Because of that reason we have selected a large dataset - [Epsilon](https://www.csie.ntu.edu.tw/~cjlin/libsvmtools/datasets/binary.html) (500.000 documents and 2.000 features) for this tutorial.
Firstly, we will get the data through catboost.datasets module. The code below does this. It will run for approximately 10-15 minutes. So please be patient :)

In [0]:
from catboost.datasets import epsilon

train, test = epsilon()

X_train, y_train = train.iloc[:,1:], train[0]
X_test, y_test = test.iloc[:,1:], test[0]

## Training on CPU
Now we will train the model on CPU and measure execution time.
We will use 100 iterations for our CPU training since otherwise it will take a long time.
It will take around 15 minutes.

In [3]:
from catboost import CatBoostClassifier
import timeit

def train_on_cpu():  
  model = CatBoostClassifier(
    iterations=100,
    learning_rate=0.03
  )
  
  model.fit(
      X_train, y_train,
      eval_set=(X_test, y_test),
      verbose=10
  );   
      
cpu_time = timeit.timeit('train_on_cpu()', 
                         setup="from __main__ import train_on_cpu", 
                         number=1)

print('Time to fit model on CPU: {} sec'.format(int(cpu_time)))

0:	learn: 0.6878003	test: 0.6878003	best: 0.6878003 (0)	total: 7.64s	remaining: 12m 36s
10:	learn: 0.6460415	test: 0.6460415	best: 0.6460415 (10)	total: 1m 20s	remaining: 10m 53s
20:	learn: 0.6169323	test: 0.6169323	best: 0.6169323 (20)	total: 2m 30s	remaining: 9m 25s
30:	learn: 0.5948178	test: 0.5948178	best: 0.5948178 (30)	total: 3m 38s	remaining: 8m 5s
40:	learn: 0.5766751	test: 0.5766751	best: 0.5766751 (40)	total: 4m 44s	remaining: 6m 49s
50:	learn: 0.5615754	test: 0.5615754	best: 0.5615754 (50)	total: 5m 48s	remaining: 5m 35s
60:	learn: 0.5484313	test: 0.5484313	best: 0.5484313 (60)	total: 6m 52s	remaining: 4m 23s
70:	learn: 0.5370070	test: 0.5370070	best: 0.5370070 (70)	total: 7m 55s	remaining: 3m 14s
80:	learn: 0.5265792	test: 0.5265792	best: 0.5265792 (80)	total: 8m 58s	remaining: 2m 6s
90:	learn: 0.5173778	test: 0.5173778	best: 0.5173778 (90)	total: 10m 4s	remaining: 59.8s
99:	learn: 0.5097820	test: 0.5097820	best: 0.5097820 (99)	total: 11m 2s	remaining: 0us

bestTest = 0.509

Take notice that learning time itself wothout data feeding is around 12 minutes.
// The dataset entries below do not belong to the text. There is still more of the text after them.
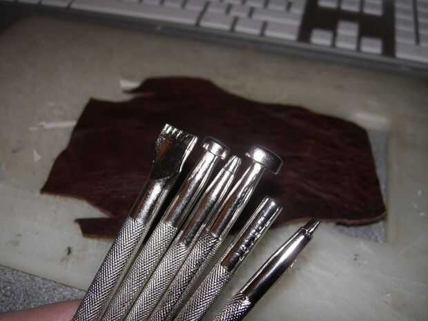 Había empapado el cuero con agua bajo un grifo, luego coloqué las diferentes herramientas de forma en el cuero y les dio un toque rápido con un martillo - si no tienes algunas herramientas de estampado, entonces puede utilizar un destornillador grande o la otra forma de metal.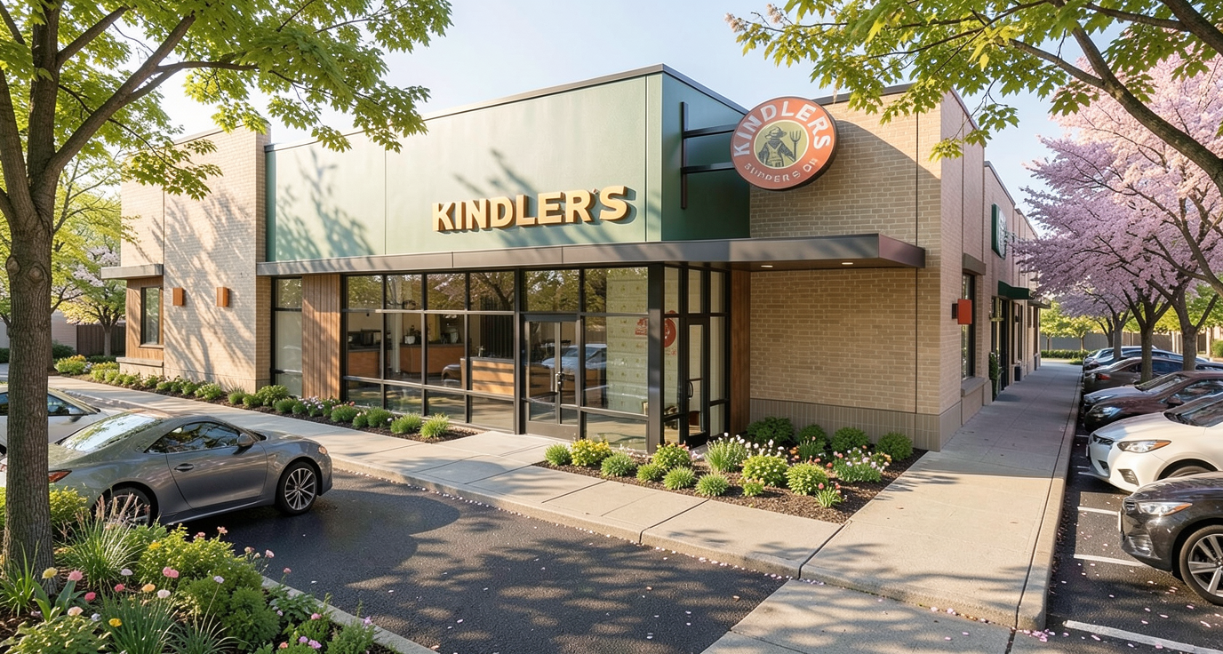 6pm evening a modern two story house with a sleek design and hip roofs featuring grey cut stone veneer window and door frames are black the roof shingles are a dark charcoal color adding contrast with raised seam metal roof accents large windows dominate the facade reflecting the clear blue sky with a few clouds surrounding the house a lush green lawn with colorful flower beds in shades of pink lavender and yellow the atmosphere is serene and welcoming with evening sunlight casting gentle shadows do not modify the massing as shown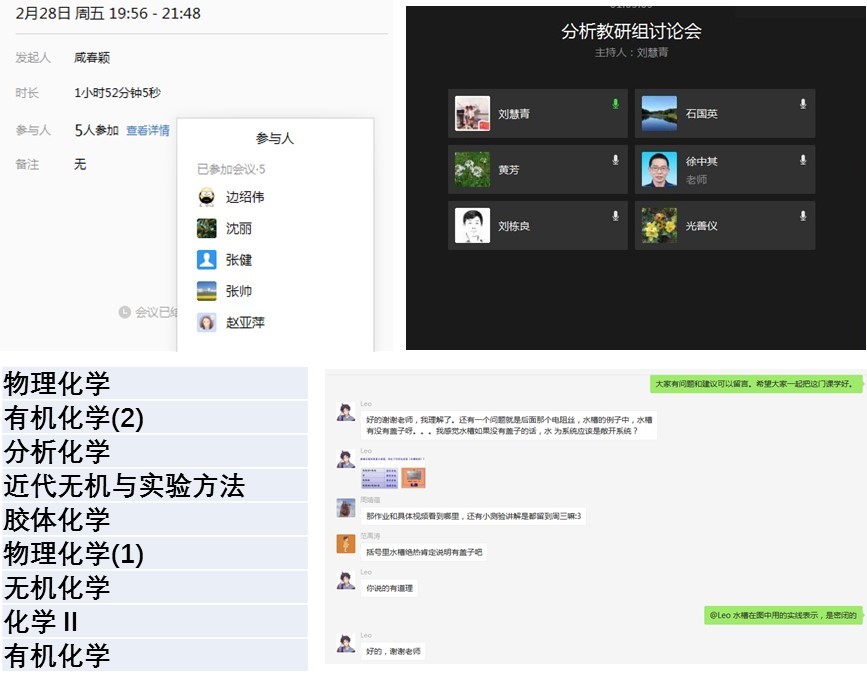 新冠肺炎疫情出现以来,全国人民在党中央、国务院的领导与指挥下,以疫情为命令,把防控当责任,坚决、坚定地打响了疫情阻击战。本学期化学部支部党员教师承担着世界杯官网化学化工、材料、环境等多个本科专业化学基础理论课程和实验课程的教学任务,时间紧,责任大,任务重。为了进一步响应“疫情防控,停课不停学,停课不停教”的号召,充分发挥基层党支部的战斗堡垒作用和党员教师的先锋模范作用,2020年2月25日化学部党支部组织开展了“抗击疫情,确保教学质量,党员教师在行动”的线上主题党日活动,支部书记边绍伟老师主持了视频会议,支部全体党员教师参加。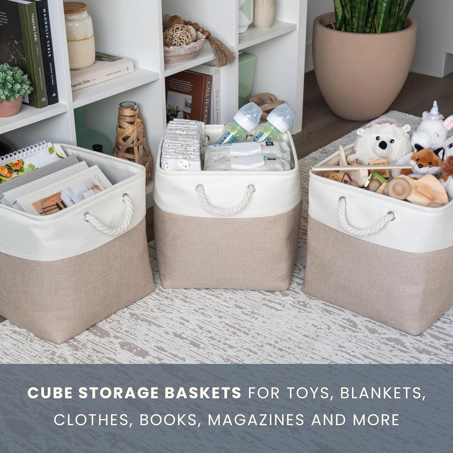 OrganiHaus 13x13 Cube Storage Bins 4 Pack, Foldable Cube Storage Organizer w/ Rope Handles, Collapsible Fabric Bins for Toys, Clothes & Closet Organization, Fabric Square Baskets - Beige/White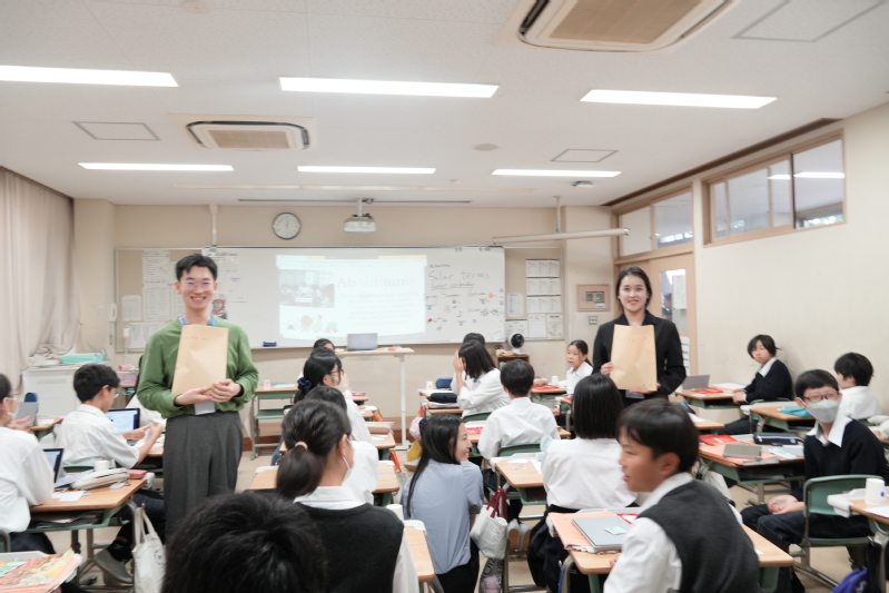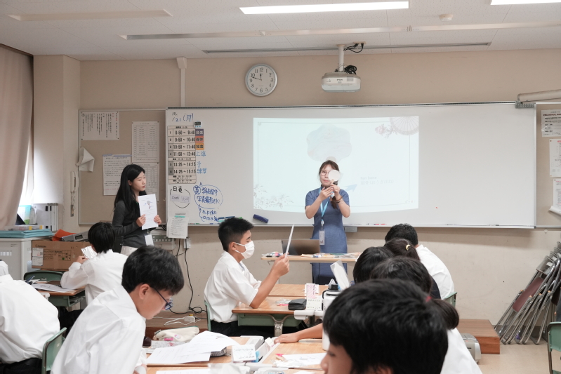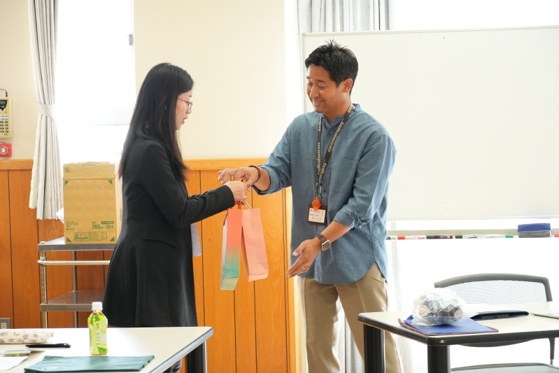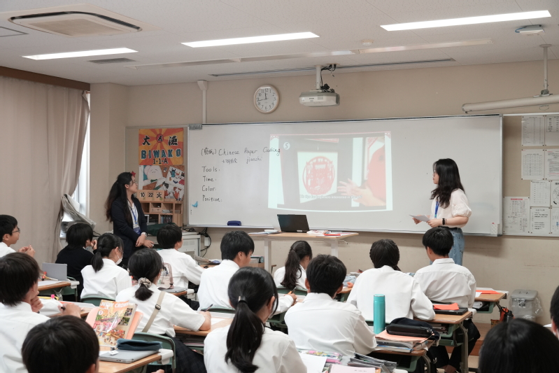 After the observations, the graduate students from our institute, in pairs, taught three Chinese traditional culture courses to three first-grade classes at Momoyama Junior High School, featuring cross-cultural teaching. The team of Cheng Jialei and Zhu Jiawen conducted a course on Traditional Chinese Paper-cutting Art, cleverly integrating the mathematical concept of axial symmetry into paper-cutting activities, which fully aroused students’ interest in Chinese traditional culture through on-site practice. Feng Yuan and Shi Chenying’s team taught The 24 Solar Terms of China to the second class, using music, pictures, and classroom games to stimulate students’ imagination about the solar terms. Jia Yun and Ma Yining’s course, Suzhou Lacquer Fan Art of China, introduced the history, types, and functions of Chinese lacquer fans with rich illustrations, and let students experience the charm of traditional Chinese craftsmanship through hands-on fan-making activities. After class, Japanese students introduced their class characteristics and presented hand-made paper cranes and other gratitude gifts to the teaching teams.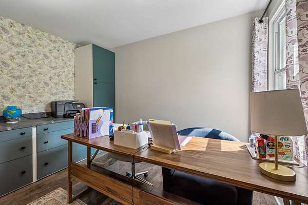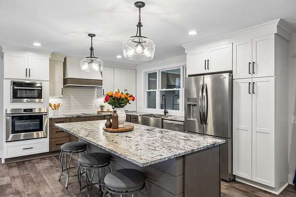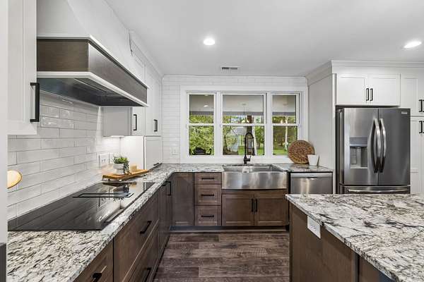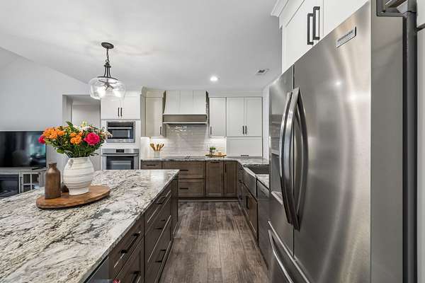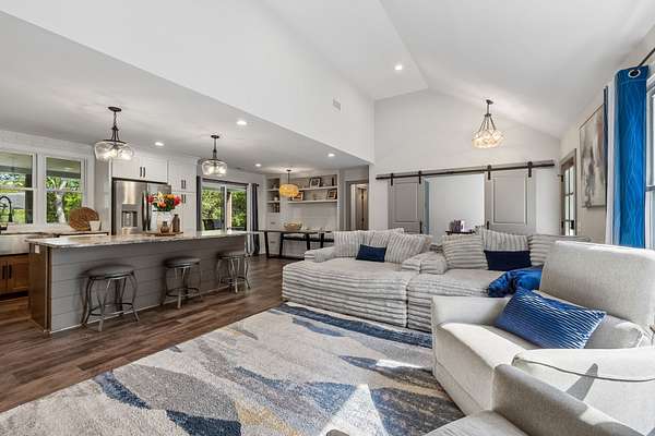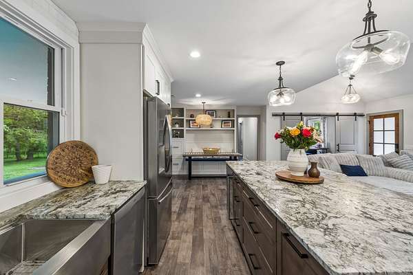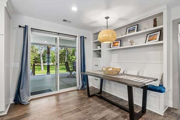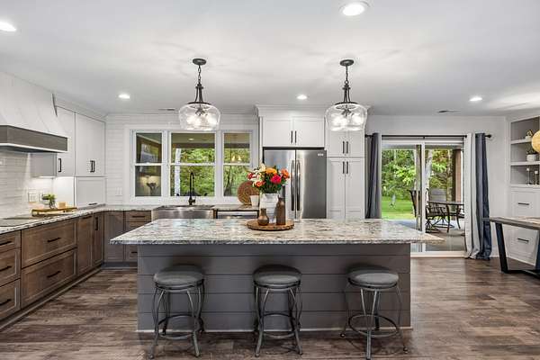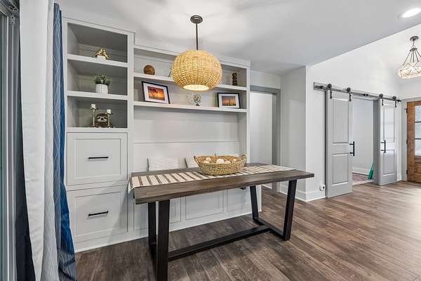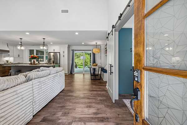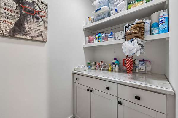 Step inside to find beautiful luxury flooring throughout, fresh designer paint, and an open-concept layout that seamlessly connects the living room, dining area, and gourmet kitchen—ideal for entertaining. The kitchen is a true showpiece, featuring custom cabinetry, sleek granite countertops, a peg system for organization, custom vent hood, deep stainless farmhouse sink, wine fridge, built-in oven and range, built-in pantry, and thoughtfully designed finishes at every turn. The dining area also features custom built-ins for added style and functionality.

Whereas all the process consumes 14-15 min.

## Training on GPU
The previous code execution has been done on CPU. It's time to use GPU!  
We need to use '*task_type='GPU'*' parameter value to run GPU training. Now the execution time wouldn't be so big :)  
BTW if Colaboratory shows you a warning 'GPU memory usage is close to the limit', just press 'Ignore'.

In [4]:
def train_on_gpu():  
  model = CatBoostClassifier(
    iterations=100,
    learning_rate=0.03,
    task_type='GPU'
  )
  
  model.fit(
      X_train, y_train,
      eval_set=(X_test, y_test),
      verbose=10
  );     
      
gpu_time = timeit.timeit('train_on_gpu()', 
                         setup="from __main__ import train_on_gpu", 
                         number=1)

print('Time to fit model on GPU: {} sec'.format(int(gpu_time)))
print('GPU speedup over CPU: ' + '%.2f' % (cpu_time/gpu_time) + 'x')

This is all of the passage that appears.